James Fenech has been living with his parents Feliċ and Agatha – who are both 85 – in Hamrun since he was born in 1959.
“I’m just starting to feel like I need my own space. That’s pretty normal at my age, right?” said the sexagenarian, who has worked as a government clerk for the past 40 years.
“Don’t get me wrong, I’m very independent. I get out of bed in the morning without my mum having to knock on my bedroom door, I can tie my own shoelaces, and I know how to use a microwave, so striking out on my own shouldn’t be too hard if that’s what I decide to do.”
Fenech added that, while it was true that the cost of renting had gone up in recent years, he was considering the possibility of flat-sharing with some foreign twenty-somethings.
“I’m sure I’d have no trouble fitting in with the youths,” he said.

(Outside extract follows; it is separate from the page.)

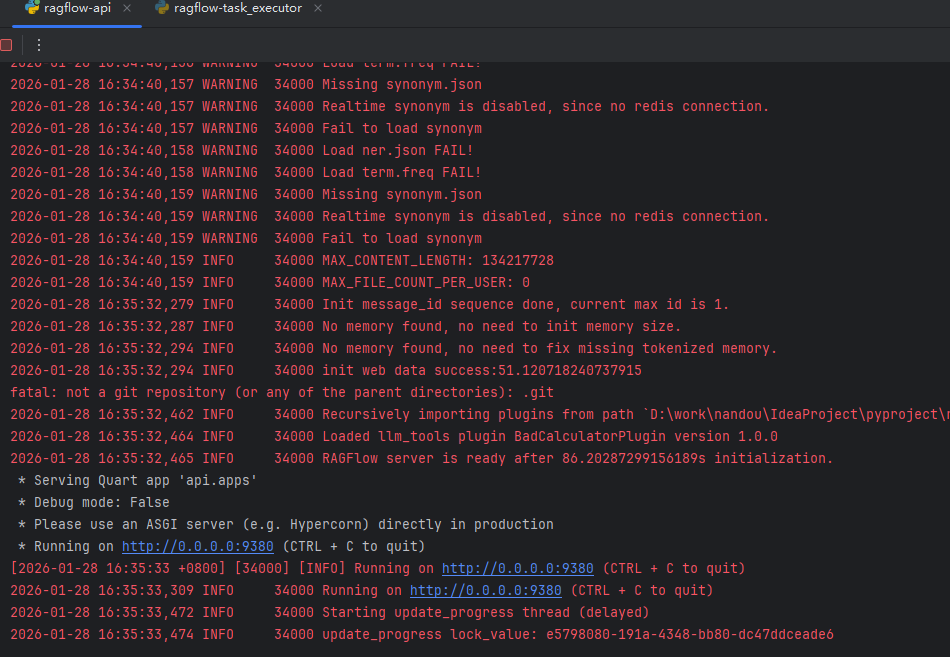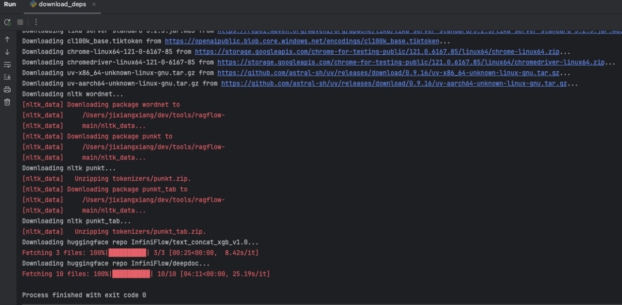 启动ragflow要先下载一些模型文件模型文件,可直接执行download_deps.py,此处需要科学上网,等待是来分钟。

Agatha, his mother, said she didn’t mind her son staying for so long.
“Everyone knows that in Malta you’re only allowed to move out of your parents’ house when you get married and your wife becomes your new mother. For some reason, my Jimmy hasn’t gotten married yet, so while it would be nice for my husband and I to have the house to ourselves in our twilight years, at least we have someone to carry heavy objects for us,” she said.
“After we ask him three times,” chimed in James’ father.